Content starts

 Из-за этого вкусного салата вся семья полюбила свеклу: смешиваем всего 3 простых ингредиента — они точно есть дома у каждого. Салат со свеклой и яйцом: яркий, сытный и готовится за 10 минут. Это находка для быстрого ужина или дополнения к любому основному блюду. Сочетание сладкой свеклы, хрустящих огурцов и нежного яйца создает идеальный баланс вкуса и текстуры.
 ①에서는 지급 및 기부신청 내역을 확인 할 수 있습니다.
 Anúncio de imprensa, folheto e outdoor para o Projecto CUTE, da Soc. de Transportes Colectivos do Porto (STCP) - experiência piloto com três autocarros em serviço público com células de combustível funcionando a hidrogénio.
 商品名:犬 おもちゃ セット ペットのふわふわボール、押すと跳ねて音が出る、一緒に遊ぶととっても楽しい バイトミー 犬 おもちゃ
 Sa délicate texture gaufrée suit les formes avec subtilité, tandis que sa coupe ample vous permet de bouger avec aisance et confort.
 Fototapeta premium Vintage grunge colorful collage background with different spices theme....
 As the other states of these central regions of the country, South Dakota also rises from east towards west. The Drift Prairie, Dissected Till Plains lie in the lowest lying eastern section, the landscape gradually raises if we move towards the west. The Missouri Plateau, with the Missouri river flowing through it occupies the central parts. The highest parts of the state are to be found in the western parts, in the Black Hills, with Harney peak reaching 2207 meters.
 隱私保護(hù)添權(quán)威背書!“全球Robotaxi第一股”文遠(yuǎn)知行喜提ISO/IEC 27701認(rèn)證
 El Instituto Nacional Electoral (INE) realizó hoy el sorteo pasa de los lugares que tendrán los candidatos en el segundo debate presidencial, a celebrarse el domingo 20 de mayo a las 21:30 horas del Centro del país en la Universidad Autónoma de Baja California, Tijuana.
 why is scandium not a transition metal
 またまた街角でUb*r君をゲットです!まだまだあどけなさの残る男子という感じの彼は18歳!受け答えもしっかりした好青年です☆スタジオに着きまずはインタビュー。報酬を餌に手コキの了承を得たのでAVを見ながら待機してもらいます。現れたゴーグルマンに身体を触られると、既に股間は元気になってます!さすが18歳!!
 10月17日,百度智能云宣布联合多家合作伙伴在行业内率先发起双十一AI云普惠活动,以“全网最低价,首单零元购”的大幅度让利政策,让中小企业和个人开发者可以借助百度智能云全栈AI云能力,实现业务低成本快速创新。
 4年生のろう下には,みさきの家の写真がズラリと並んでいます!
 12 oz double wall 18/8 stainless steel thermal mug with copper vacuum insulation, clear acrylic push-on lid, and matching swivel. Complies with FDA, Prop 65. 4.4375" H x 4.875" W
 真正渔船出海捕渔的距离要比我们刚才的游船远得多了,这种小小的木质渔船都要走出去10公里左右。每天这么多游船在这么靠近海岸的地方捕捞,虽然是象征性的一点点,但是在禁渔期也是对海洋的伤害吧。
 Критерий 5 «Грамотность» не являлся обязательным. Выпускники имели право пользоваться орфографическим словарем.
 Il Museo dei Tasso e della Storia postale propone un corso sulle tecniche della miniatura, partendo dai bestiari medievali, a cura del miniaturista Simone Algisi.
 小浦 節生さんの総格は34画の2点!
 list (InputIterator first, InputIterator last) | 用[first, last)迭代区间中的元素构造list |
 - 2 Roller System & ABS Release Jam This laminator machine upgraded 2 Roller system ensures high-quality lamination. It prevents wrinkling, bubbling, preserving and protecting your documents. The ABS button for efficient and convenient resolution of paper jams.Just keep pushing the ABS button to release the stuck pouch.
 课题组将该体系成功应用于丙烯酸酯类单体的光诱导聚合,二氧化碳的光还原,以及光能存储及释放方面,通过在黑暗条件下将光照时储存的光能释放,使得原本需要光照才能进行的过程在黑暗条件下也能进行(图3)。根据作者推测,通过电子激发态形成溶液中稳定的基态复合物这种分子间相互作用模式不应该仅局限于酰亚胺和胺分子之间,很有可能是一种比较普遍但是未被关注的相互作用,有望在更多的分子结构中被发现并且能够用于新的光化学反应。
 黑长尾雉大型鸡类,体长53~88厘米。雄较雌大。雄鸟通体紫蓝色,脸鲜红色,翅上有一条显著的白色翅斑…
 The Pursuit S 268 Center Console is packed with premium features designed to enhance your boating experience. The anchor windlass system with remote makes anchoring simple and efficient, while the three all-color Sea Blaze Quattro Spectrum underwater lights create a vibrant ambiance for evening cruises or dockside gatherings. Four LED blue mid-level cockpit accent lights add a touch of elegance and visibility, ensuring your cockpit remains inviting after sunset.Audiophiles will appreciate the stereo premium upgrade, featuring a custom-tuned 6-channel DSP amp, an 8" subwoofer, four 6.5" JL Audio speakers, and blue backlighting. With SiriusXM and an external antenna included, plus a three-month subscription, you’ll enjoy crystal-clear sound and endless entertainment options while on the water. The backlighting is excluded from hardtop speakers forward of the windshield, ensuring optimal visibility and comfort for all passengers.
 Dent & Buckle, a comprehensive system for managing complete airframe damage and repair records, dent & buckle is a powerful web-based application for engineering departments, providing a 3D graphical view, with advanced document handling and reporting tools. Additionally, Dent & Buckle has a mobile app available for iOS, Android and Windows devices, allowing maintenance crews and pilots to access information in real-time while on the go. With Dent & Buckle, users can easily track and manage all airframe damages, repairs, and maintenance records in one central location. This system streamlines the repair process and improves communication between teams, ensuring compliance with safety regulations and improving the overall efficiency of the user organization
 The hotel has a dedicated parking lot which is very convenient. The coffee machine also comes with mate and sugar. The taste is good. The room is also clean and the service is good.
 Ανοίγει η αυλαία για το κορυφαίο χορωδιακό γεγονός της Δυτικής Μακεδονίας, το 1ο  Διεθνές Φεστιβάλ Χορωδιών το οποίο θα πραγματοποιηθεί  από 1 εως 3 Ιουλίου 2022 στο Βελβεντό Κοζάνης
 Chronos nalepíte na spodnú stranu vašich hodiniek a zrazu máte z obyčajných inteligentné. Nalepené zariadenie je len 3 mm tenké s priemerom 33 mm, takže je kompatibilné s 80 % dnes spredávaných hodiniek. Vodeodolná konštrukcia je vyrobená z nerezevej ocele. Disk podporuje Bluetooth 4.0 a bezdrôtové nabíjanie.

Content ends

— Exercise prompt —
Above are the records; retype every one exactly.

— Exercise answer —
 Из-за этого вкусного салата вся семья полюбила свеклу: смешиваем всего 3 простых ингредиента — они точно есть дома у каждого. Салат со свеклой и яйцом: яркий, сытный и готовится за 10 минут. Это находка для быстрого ужина или дополнения к любому основному блюду. Сочетание сладкой свеклы, хрустящих огурцов и нежного яйца создает идеальный баланс вкуса и текстуры.
 ①에서는 지급 및 기부신청 내역을 확인 할 수 있습니다.
 Anúncio de imprensa, folheto e outdoor para o Projecto CUTE, da Soc. de Transportes Colectivos do Porto (STCP) - experiência piloto com três autocarros em serviço público com células de combustível funcionando a hidrogénio.
 商品名:犬 おもちゃ セット ペットのふわふわボール、押すと跳ねて音が出る、一緒に遊ぶととっても楽しい バイトミー 犬 おもちゃ
 Sa délicate texture gaufrée suit les formes avec subtilité, tandis que sa coupe ample vous permet de bouger avec aisance et confort.
 Fototapeta premium Vintage grunge colorful collage background with different spices theme....
 As the other states of these central regions of the country, South Dakota also rises from east towards west. The Drift Prairie, Dissected Till Plains lie in the lowest lying eastern section, the landscape gradually raises if we move towards the west. The Missouri Plateau, with the Missouri river flowing through it occupies the central parts. The highest parts of the state are to be found in the western parts, in the Black Hills, with Harney peak reaching 2207 meters.
 隱私保護(hù)添權(quán)威背書!“全球Robotaxi第一股”文遠(yuǎn)知行喜提ISO/IEC 27701認(rèn)證
 El Instituto Nacional Electoral (INE) realizó hoy el sorteo pasa de los lugares que tendrán los candidatos en el segundo debate presidencial, a celebrarse el domingo 20 de mayo a las 21:30 horas del Centro del país en la Universidad Autónoma de Baja California, Tijuana.
 why is scandium not a transition metal
 またまた街角でUb*r君をゲットです!まだまだあどけなさの残る男子という感じの彼は18歳!受け答えもしっかりした好青年です☆スタジオに着きまずはインタビュー。報酬を餌に手コキの了承を得たのでAVを見ながら待機してもらいます。現れたゴーグルマンに身体を触られると、既に股間は元気になってます!さすが18歳!!
 10月17日,百度智能云宣布联合多家合作伙伴在行业内率先发起双十一AI云普惠活动,以“全网最低价,首单零元购”的大幅度让利政策,让中小企业和个人开发者可以借助百度智能云全栈AI云能力,实现业务低成本快速创新。
 4年生のろう下には,みさきの家の写真がズラリと並んでいます!
 12 oz double wall 18/8 stainless steel thermal mug with copper vacuum insulation, clear acrylic push-on lid, and matching swivel. Complies with FDA, Prop 65. 4.4375" H x 4.875" W
 真正渔船出海捕渔的距离要比我们刚才的游船远得多了,这种小小的木质渔船都要走出去10公里左右。每天这么多游船在这么靠近海岸的地方捕捞,虽然是象征性的一点点,但是在禁渔期也是对海洋的伤害吧。
 Критерий 5 «Грамотность» не являлся обязательным. Выпускники имели право пользоваться орфографическим словарем.
 Il Museo dei Tasso e della Storia postale propone un corso sulle tecniche della miniatura, partendo dai bestiari medievali, a cura del miniaturista Simone Algisi.
 小浦 節生さんの総格は34画の2点!
 list (InputIterator first, InputIterator last) | 用[first, last)迭代区间中的元素构造list |
 - 2 Roller System & ABS Release Jam This laminator machine upgraded 2 Roller system ensures high-quality lamination. It prevents wrinkling, bubbling, preserving and protecting your documents. The ABS button for efficient and convenient resolution of paper jams.Just keep pushing the ABS button to release the stuck pouch.
 课题组将该体系成功应用于丙烯酸酯类单体的光诱导聚合,二氧化碳的光还原,以及光能存储及释放方面,通过在黑暗条件下将光照时储存的光能释放,使得原本需要光照才能进行的过程在黑暗条件下也能进行(图3)。根据作者推测,通过电子激发态形成溶液中稳定的基态复合物这种分子间相互作用模式不应该仅局限于酰亚胺和胺分子之间,很有可能是一种比较普遍但是未被关注的相互作用,有望在更多的分子结构中被发现并且能够用于新的光化学反应。
 黑长尾雉大型鸡类,体长53~88厘米。雄较雌大。雄鸟通体紫蓝色,脸鲜红色,翅上有一条显著的白色翅斑…
 The Pursuit S 268 Center Console is packed with premium features designed to enhance your boating experience. The anchor windlass system with remote makes anchoring simple and efficient, while the three all-color Sea Blaze Quattro Spectrum underwater lights create a vibrant ambiance for evening cruises or dockside gatherings. Four LED blue mid-level cockpit accent lights add a touch of elegance and visibility, ensuring your cockpit remains inviting after sunset.Audiophiles will appreciate the stereo premium upgrade, featuring a custom-tuned 6-channel DSP amp, an 8" subwoofer, four 6.5" JL Audio speakers, and blue backlighting. With SiriusXM and an external antenna included, plus a three-month subscription, you’ll enjoy crystal-clear sound and endless entertainment options while on the water. The backlighting is excluded from hardtop speakers forward of the windshield, ensuring optimal visibility and comfort for all passengers.
 Dent & Buckle, a comprehensive system for managing complete airframe damage and repair records, dent & buckle is a powerful web-based application for engineering departments, providing a 3D graphical view, with advanced document handling and reporting tools. Additionally, Dent & Buckle has a mobile app available for iOS, Android and Windows devices, allowing maintenance crews and pilots to access information in real-time while on the go. With Dent & Buckle, users can easily track and manage all airframe damages, repairs, and maintenance records in one central location. This system streamlines the repair process and improves communication between teams, ensuring compliance with safety regulations and improving the overall efficiency of the user organization
 The hotel has a dedicated parking lot which is very convenient. The coffee machine also comes with mate and sugar. The taste is good. The room is also clean and the service is good.
 Ανοίγει η αυλαία για το κορυφαίο χορωδιακό γεγονός της Δυτικής Μακεδονίας, το 1ο  Διεθνές Φεστιβάλ Χορωδιών το οποίο θα πραγματοποιηθεί  από 1 εως 3 Ιουλίου 2022 στο Βελβεντό Κοζάνης
 Chronos nalepíte na spodnú stranu vašich hodiniek a zrazu máte z obyčajných inteligentné. Nalepené zariadenie je len 3 mm tenké s priemerom 33 mm, takže je kompatibilné s 80 % dnes spredávaných hodiniek. Vodeodolná konštrukcia je vyrobená z nerezevej ocele. Disk podporuje Bluetooth 4.0 a bezdrôtové nabíjanie.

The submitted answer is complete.